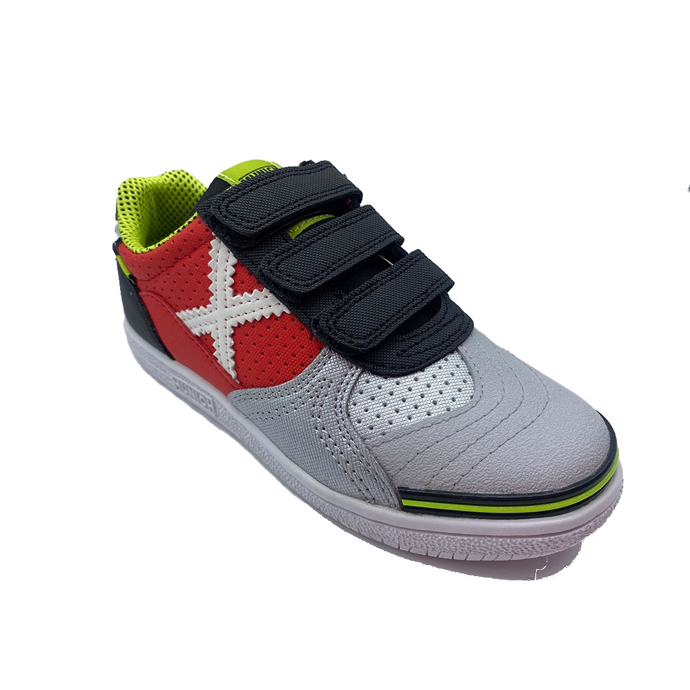 1514446 zapatillas munich niño 3velcros rojo gris
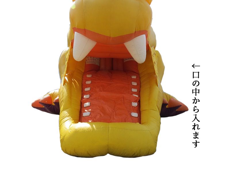 何と!ドラゴンの口の中から入るようになっているドラゴンバウンスのレンタルページです。 空気を送り込んで完成させるタイプのエア遊具はいろいろあれど、このようにドラゴンの口から入れるとなると、最初からテンションが上がりますね。 勇気を出して口の中からドラゴンの体の中へ入って遊んでみましょう。 もちろん大きな口を開けているところは撮影スポットにも最適です。 ワクワク、ドキドキするドラゴンバウンスです。
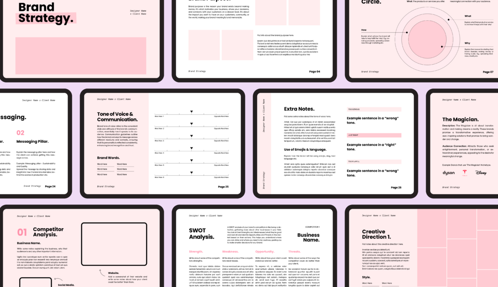 - Detailed Brand Strategy Development: Dive deep into the essence of the brand with structured sections that guide you through crafting a complete brand narrative.
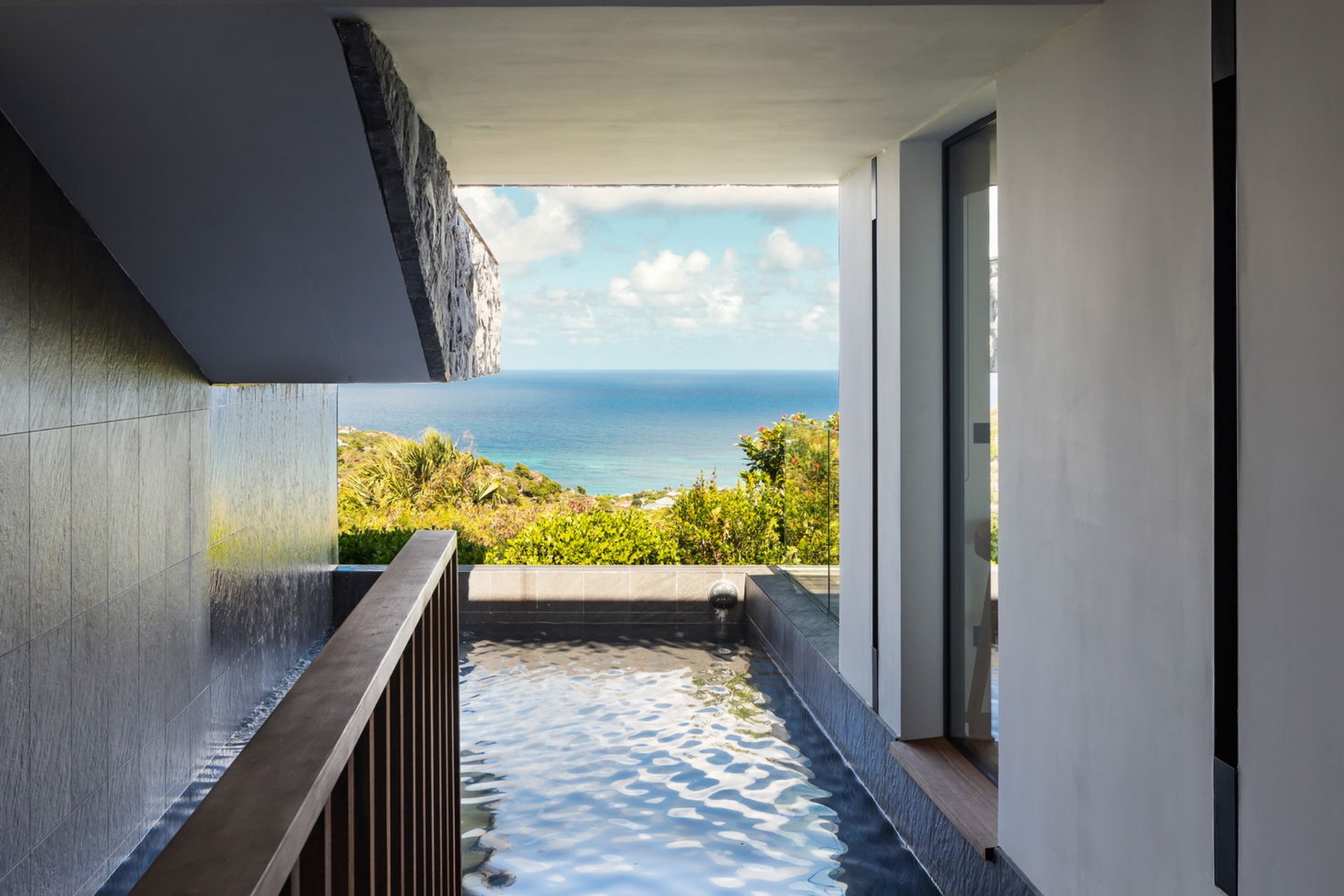 The villa’s outdoor spaces are a true highlight. A stunning heated infinity pool stretches out toward the horizon, providing the perfect spot to take in the views. Sun loungers line the pool, inviting guests to relax and soak up the Caribbean sun.
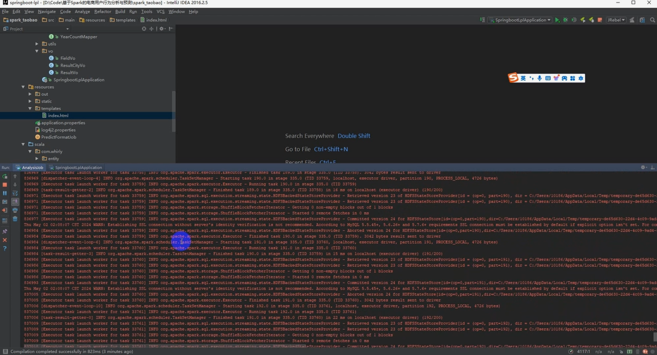 3. **数据处理与分析**:利用Spark实现用户行为数据的实时处理和分析,包括数据清洗、特征提取、模式识别等关键步骤。

##############################

■ Assignment ■
Apart from the images, the entries above must be returned without alteration.

■ Answer area ■
 1514446 zapatillas munich niño 3velcros rojo gris
 何と!ドラゴンの口の中から入るようになっているドラゴンバウンスのレンタルページです。 空気を送り込んで完成させるタイプのエア遊具はいろいろあれど、このようにドラゴンの口から入れるとなると、最初からテンションが上がりますね。 勇気を出して口の中からドラゴンの体の中へ入って遊んでみましょう。 もちろん大きな口を開けているところは撮影スポットにも最適です。 ワクワク、ドキドキするドラゴンバウンスです。
 - Detailed Brand Strategy Development: Dive deep into the essence of the brand with structured sections that guide you through crafting a complete brand narrative.
 The villa’s outdoor spaces are a true highlight. A stunning heated infinity pool stretches out toward the horizon, providing the perfect spot to take in the views. Sun loungers line the pool, inviting guests to relax and soak up the Caribbean sun.
 3. **数据处理与分析**:利用Spark实现用户行为数据的实时处理和分析,包括数据清洗、特征提取、模式识别等关键步骤。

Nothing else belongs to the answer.